AVAILABLE DATA Block Start

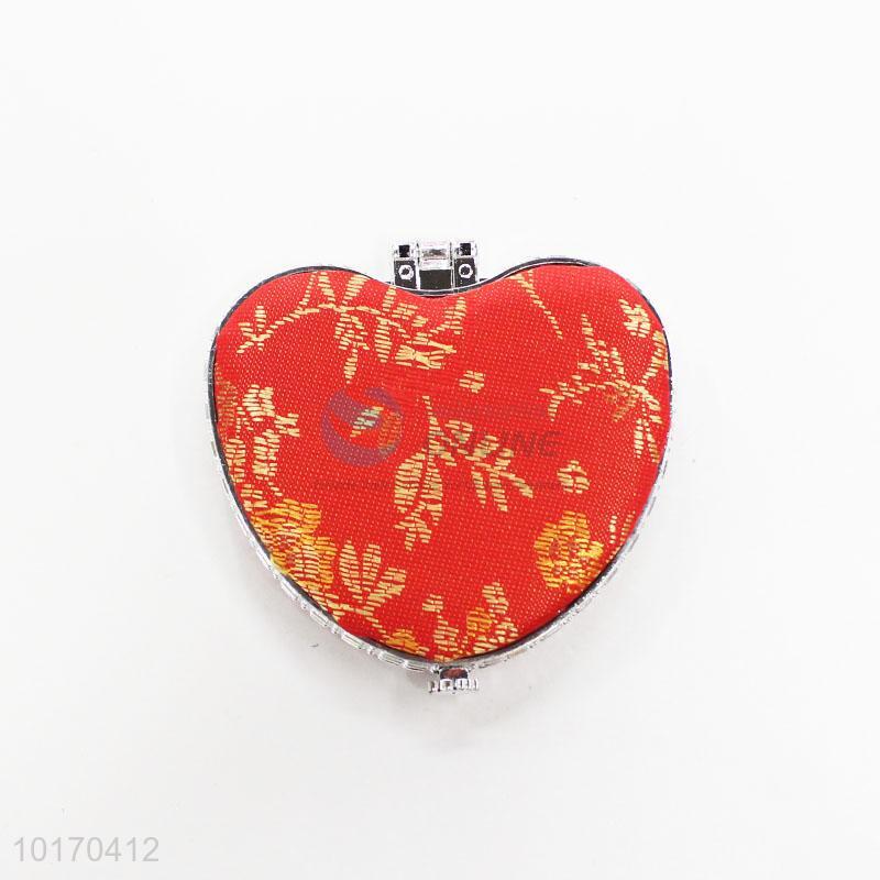 Decorative Red Mini Heart-shaped Silk Fabrics Cosmetic Mirror
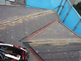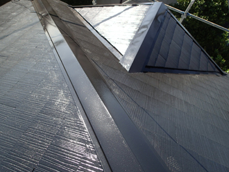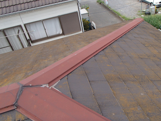 訪問業者より、棟板金の浮きを指摘されご不安になられたお客様よりご依頼を承りました。屋根全体が色褪せていた為、塗装が必要とされる時期に来ていましたが将来的に長く住むつもりはないとお伺いした為、棟板金の交換工事のみとなりました。複雑な形状となっているつなぎ目もシーリングの充填によってしっかりと止水処理をしました。
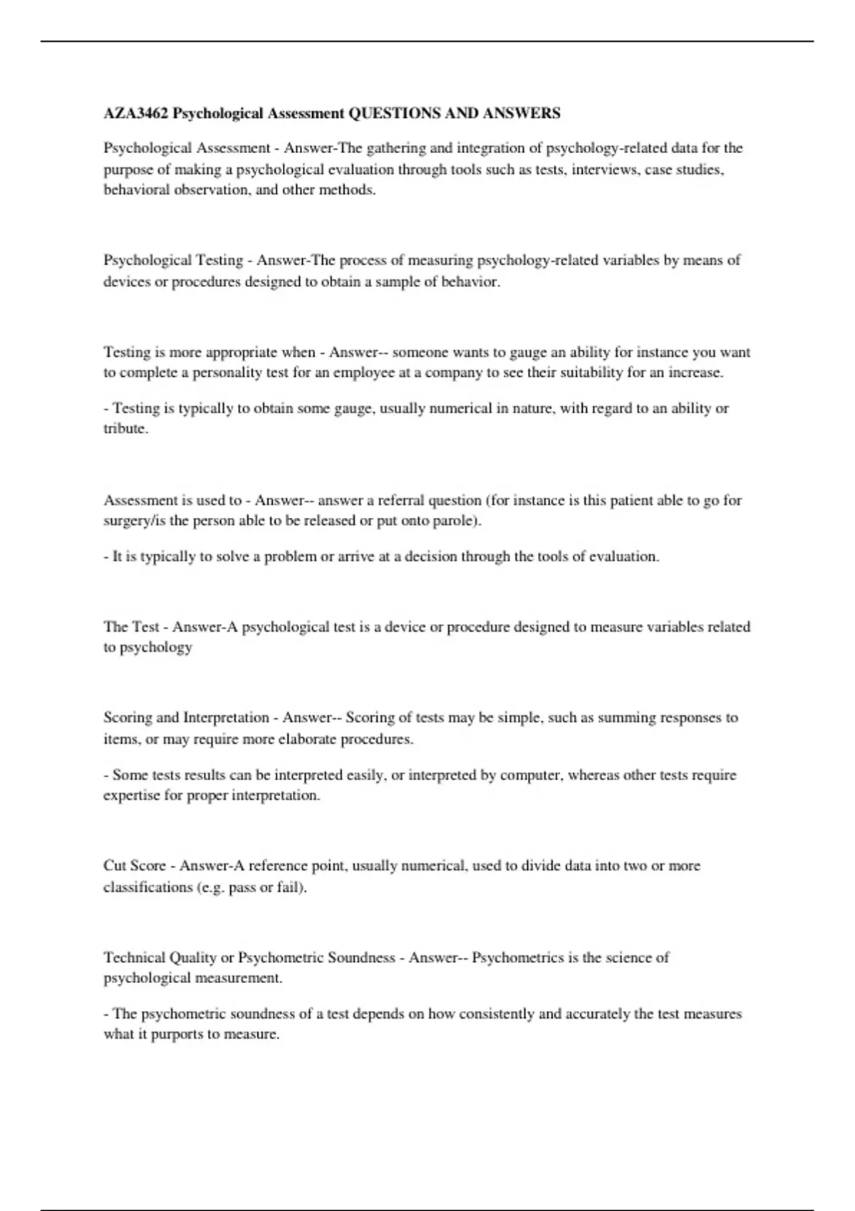 AZA3462 Psychological Assessment QUESTIONS AND ANSWERS
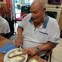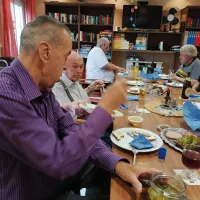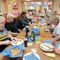 Abendveranstaltung "Herrenstammtisch" Am 09.09.2022 lud unsere Ergotherapeutin Frau Tanja Preuss zum monatlichen Herrenstammtisch ein. Bei Hausmacher-Wurst, frischem Brot und Bier verbrachten sie gemeinsam einen freudvollen und familiären Abend. Zurück

AVAILABLE DATA Block End

• _WHAT YOU HAVE TO DO_: Please set the data above down exactly, with the pictures removed.

• _ANSWER SECTION_:
 Decorative Red Mini Heart-shaped Silk Fabrics Cosmetic Mirror
 訪問業者より、棟板金の浮きを指摘されご不安になられたお客様よりご依頼を承りました。屋根全体が色褪せていた為、塗装が必要とされる時期に来ていましたが将来的に長く住むつもりはないとお伺いした為、棟板金の交換工事のみとなりました。複雑な形状となっているつなぎ目もシーリングの充填によってしっかりと止水処理をしました。
 AZA3462 Psychological Assessment QUESTIONS AND ANSWERS
 Abendveranstaltung "Herrenstammtisch" Am 09.09.2022 lud unsere Ergotherapeutin Frau Tanja Preuss zum monatlichen Herrenstammtisch ein. Bei Hausmacher-Wurst, frischem Brot und Bier verbrachten sie gemeinsam einen freudvollen und familiären Abend. Zurück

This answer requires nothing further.